August 10, 2010 Posted by rhasper | My Story | , , , , , , , | Leave a Comment

Fur

I was half asleep, napping on my day off after a challenging work week. The sleep research shows that we need to catch up on sleep, after putting out, by putting in 10 hours or so. I was catching up and so was Megan, nesting down at my feet.

Then I felt her weight on the covers, fur moving my way. It was a bit odd. Megan is afraid a lot, tactile defensive. It figures, with her past. My daughter Laurel, one day walking from jury duty to my office, found Megan on a block wall by a bank, eyes swollen shut –  a hungry, lost, crying kitten. Laurel called me; I came and got her and Megan in the car. We took her home with us.

Megan is now family; she lives within the walls, not on the wall, and she lives with all her needs met and more, yet she has never fully recovered from her time outside on the wall. She has her terrors, her abandonment issues, her eating disorder. She is now over weight. It’s interesting, the issues of our animals and our responses to them.

Megan is in therapy now; I’m her counselor. It’s working.

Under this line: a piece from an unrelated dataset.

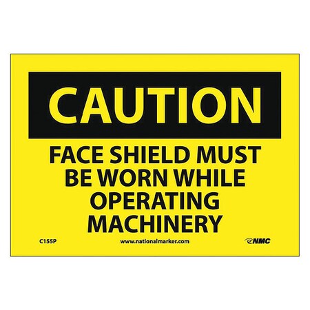 NMC C155P OSHA Sign, Legend "CAUTION - FACE SHIELD MUST BE WORN WHILE OPERATING MACHINERY", 10" Length x 7" Height, Pressure Sensitive Vinyl, Black on Yellow

That day on the bed, she crept up to my side, did that half turn that animals do before settling, and nested up against my side. I didn’t touch her; she would have retreated. We slept snuggled, her weight against my stomach, a familial closeness, hanging out together, both doing deep breathing. This is why we have pets; to have something to breathe in sync with that doesn’t make a fuss when we don’t do breathe right, or do anything small and insignificant right, the kind of ridiculous fuss our human companions tend to make over little things that don’t matter now and never will. Mark Twain quipped, “If man could be crossed with the cat, it would improve man but deteriorate the cat.”

I’ve always enjoyed animals, from the day I dragged the tom cat I named Red home and made him mine, to the time I crawled under the chapel to drag nineteen puppies out in a cardboard box, picking up each soft warm body, much to their mom’s dismay, and bringing them out into the light, into society, to the present as I live with two black cats who I generically refer to as “fur,” as in, “How was fur today?”

Something in us wants to find a creature, adopt it, and love it. It is the pleasure of domestication. My friend Tim has turtles, Vance and Adriana have birds, Natalie has a gecko.  Some like scales, feathers or a carapace,  but I prefer fur. My wife likes turtles and so we have several in our backyard. She and Tim talk turtles: worms, eggs, great escapes, stuff like that. I don’t really get it. What can you do with a turtle? They won’t fetch no matter how many times you throw a ball past them, and there is no snuggling; just gawking at the prehistoric, head-snapping  food lunge and a bit of hand washing if you pick them up — Salmonella.  From what I hear this rod-shaped, non-spore forming,  motile enterobacteria, isn’t that much fun either. It doesn’t make a good pet.  

Tim is really into turtles. He has five of them, all of them  gifts from my wife. There was some hanky panky among the turtles in our backyard and we needed to off load the results. I saw some of the action; it looked like two Volkswagens had gotten into a wreck with each other. Tim adores his adoptees so much that he built a turtle habitat,  sparing no expense, making a kind of turtle condominium out of wood and screen. His turtles live in perfect conditions.  Dynamite, his favorite, is growing at an alarmingly rate, as if trying to live up to his name. To accelerate things, Tim sent off for worms and began farming them where he throws his garbage. I’ve seen this plot of ground; its terrifying. One shovel into the dirt will conjure up a massive, squirming ball of twisting turtle entrees. It takes a life, sometimes a lot of lives, to make a life. People with pets in need of particular foods end up trafficking in all kinds of less than appetizing carcasses — dead mice, live crickets and buzzing flies. I saw an ad recently on the internet for a reptile lunch box.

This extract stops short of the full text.